That of performing statistical comparisons many times and the risk of arriving at false positive conclusions. Today, we discuss these concepts in terms that anyone can understand. We're here to talk about the complexities of multiple comparison procedures. And that was described in an article published in the August sixth, 2014 issue of ''JAMA''. Today, in the JAMAevidence podcast, we have the expert on the topic who wrote the article. So, why don't we begin by having you introduce yourself? >> My name is Jing Cao. I'm Associate Professor of Statistics at Southern Methodist University.
>> We start with a traditional explanation of the risk for making false conclusions when performing too many statistical tests on the same data, looking at the same research questions. Bear with me. The easy explanation comes later. >> In the traditional application of hypothesis testing, one has a single primary outcome. And the goal is to define procedure for testing the hypothesis about that outcome. And because of the randomness, we want to control the chance of falsely concluding there is a significant effect.

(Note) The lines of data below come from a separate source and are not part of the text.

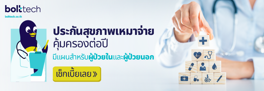 ซื้อประกันสุขภาพ ที่ bolttech.co.th เหมาจ่ายค่ารักษาตามจริง คุ้มครองต่อปี มีแผนให้เลือกทั้งผู้ป่วยในและผู้ป่วยนอก พร้อมรับสิทธิลดหย่อนภาษี ซื้อได้ตั้งแต่อายุ 21-55 ปี ยิ่งอายุน้อยเบี้ยยิ่งถูก
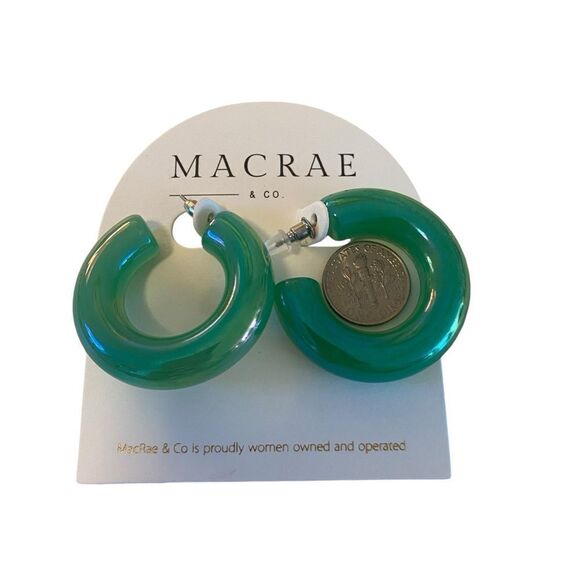 Macrae & Co. Shimmering Iridescent Green Thick C Hoop Earrings.
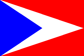 The Club´s flag was adopted on 6 March 1976 and consists of a red field (2:3) charged with a white triangle extending to the fly. Another blue triangle is laid on the white one. Its top extends to the half of the length of the flag. The author of the flag Zbyšek Svoboda designed also the emblem of the Vexillological Club by modification of the flag.
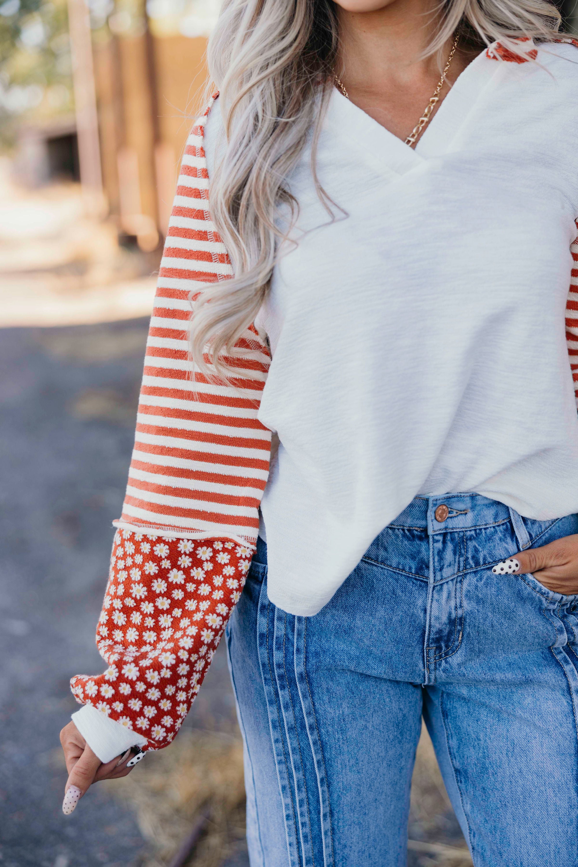 Embrace effortless style with the Autumn oversized knit top, featuring a charming floral and stripe pattern. Its split neck adds a subtle touch of flair, while long sleeves provide cozy comfort for cooler days. Perfect for casual outings, this top combines relaxed fit with eye-catching design to keep you stylish and comfortable all season long.

So, the traditional type I error and the corresponding P-value are used to guard that. So, that there's only a very small chance of falsely concluding there is a significant effect when, in fact, there is none such significant effect. >> When discussing statistics, there's a tendency to get lost in the terminology. Terminology that's confusing because of awkward language. The use of double negatives and the like. So, before we get too deep into this discussion, let's define some terms.

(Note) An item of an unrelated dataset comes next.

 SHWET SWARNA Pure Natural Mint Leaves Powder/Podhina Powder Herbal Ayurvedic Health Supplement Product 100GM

These definitions come from the JAMAevidence glossary of statistical terminology found at jamaevidence.com. A null hypothesis is a statement used in statistics asserting that no true difference exists between comparison groups. False positives occur when somebody doesn't have the problem you're looking for, but when you do a statistical test, it comes up positive for the disorder. Type I error is also called alpha error. This is an error created by rejecting a null hypothesis when, in fact, it's true. In other words, investigators might conclude that an association exists among variables when it actually doesn't.

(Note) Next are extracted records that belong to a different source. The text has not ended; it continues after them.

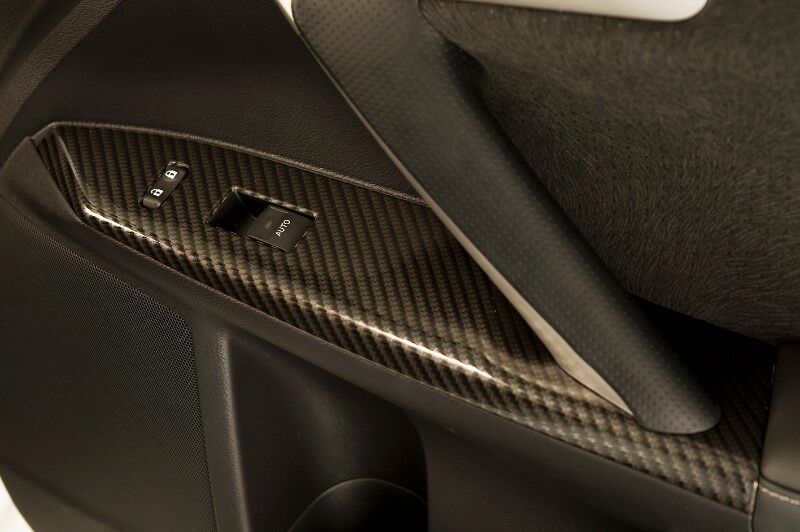 Si nos detenemos en el interior, las inserciones en fibra de carbono le dan al vehículo un aspecto más deportivo. Están formadas por inserciones en el panel de instrumentos e inserciones en las 4 puertas (delanteras y traseras).
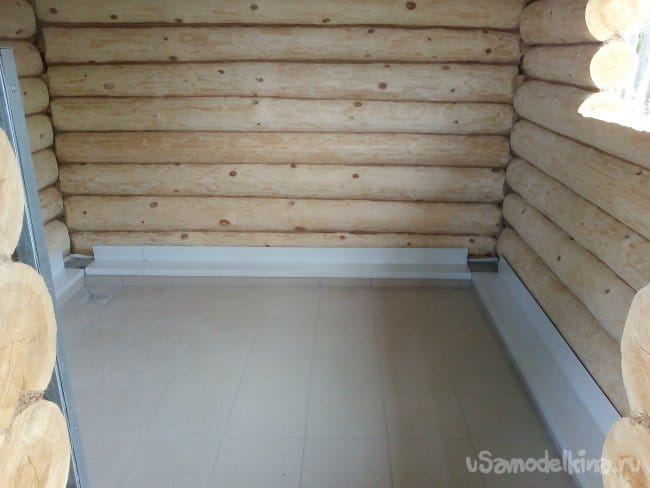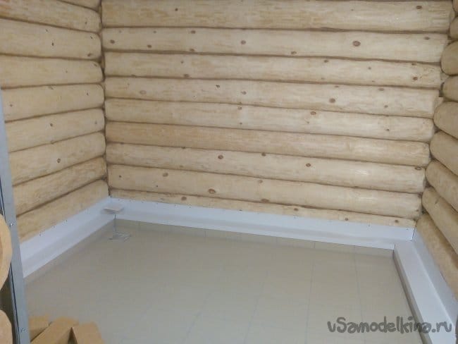 Так же по первому венцу и закладным бревнам на стыке с фундаментом, установил L - образные, заказанные заранее фасонные изделия, из белого плоского металлического листа, через D – образный резиновый уплотнитель. Сделано это для того, чтобы отвести стекающую по бревнам воду от стыка.
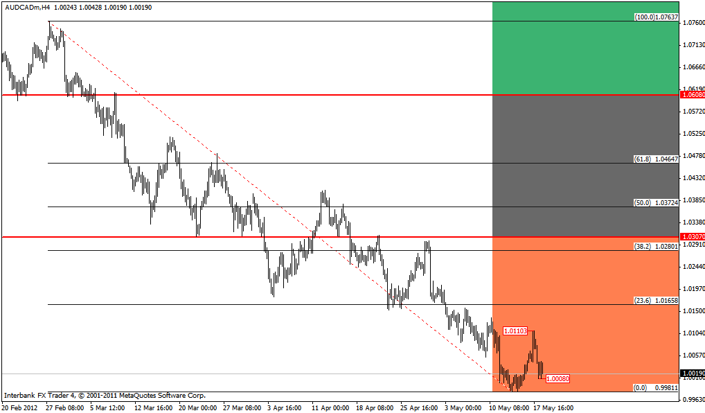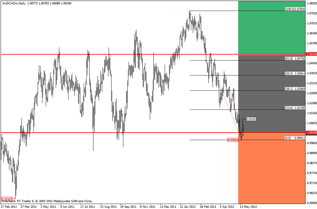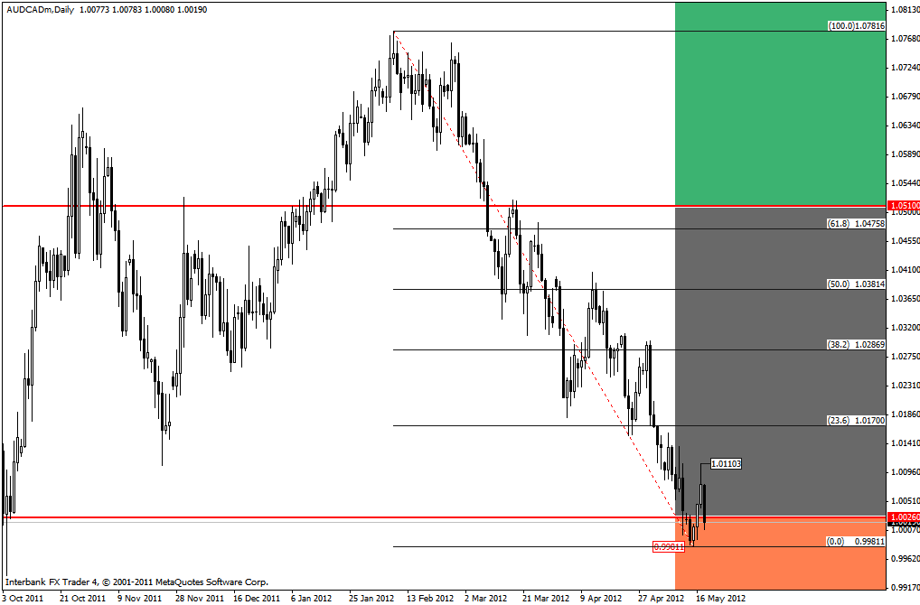 Daca, totusi, perechea va inregistra urcari si va depasi maximul de la 1.01103, inchizand peste pivotul major 1.0026 putem vorbi de o corectie mai adanca sau miscari eratice (sideways) in jurul lui 1.01725, respectiv 1.02889 (corespunzand nivelelor Fibonacci de 23.6 si 38.2 din miscarea scazatoare de la 1.06816 la 0.99811.

Type II error is also called a beta error. That's an error created by accepting a null hypothesis when it's actually false. In other words, investigators might conclude that no association exists among variables when, in fact, there is an association. The false discovery rate is the expected proportion of false positives observed among all discoveries. The family-wise error rate is the probability that quantifies the risk of making any false positive imprints by a group or family of tests.
Another way to look at this is what the probability is of having at least one positive test if one performs a multitude of statistical tests. So, these are the technical terms that you may be familiar with. But they're abstract concepts. How can you understand all this in terms that are easy to conceptualize? Think in terms of firing an arrow at a target. The analogy is that firing an arrow at a target is like performing a statistical test. The arrow has some probability of hitting that target. And its opposite or complement is a probability of missing the target.
This is how Doctor Cao explains it. >> Now, let me take archery, for example. Archery means a person shoots an arrow at a target. Okay. So, I want to know if that person is amateur or professional. The null hypothesis is null effect. This person is amateur. Know nothing about shooting an arrow. The alternative is oh, this person is a professional. Is really good at shooting an arrow.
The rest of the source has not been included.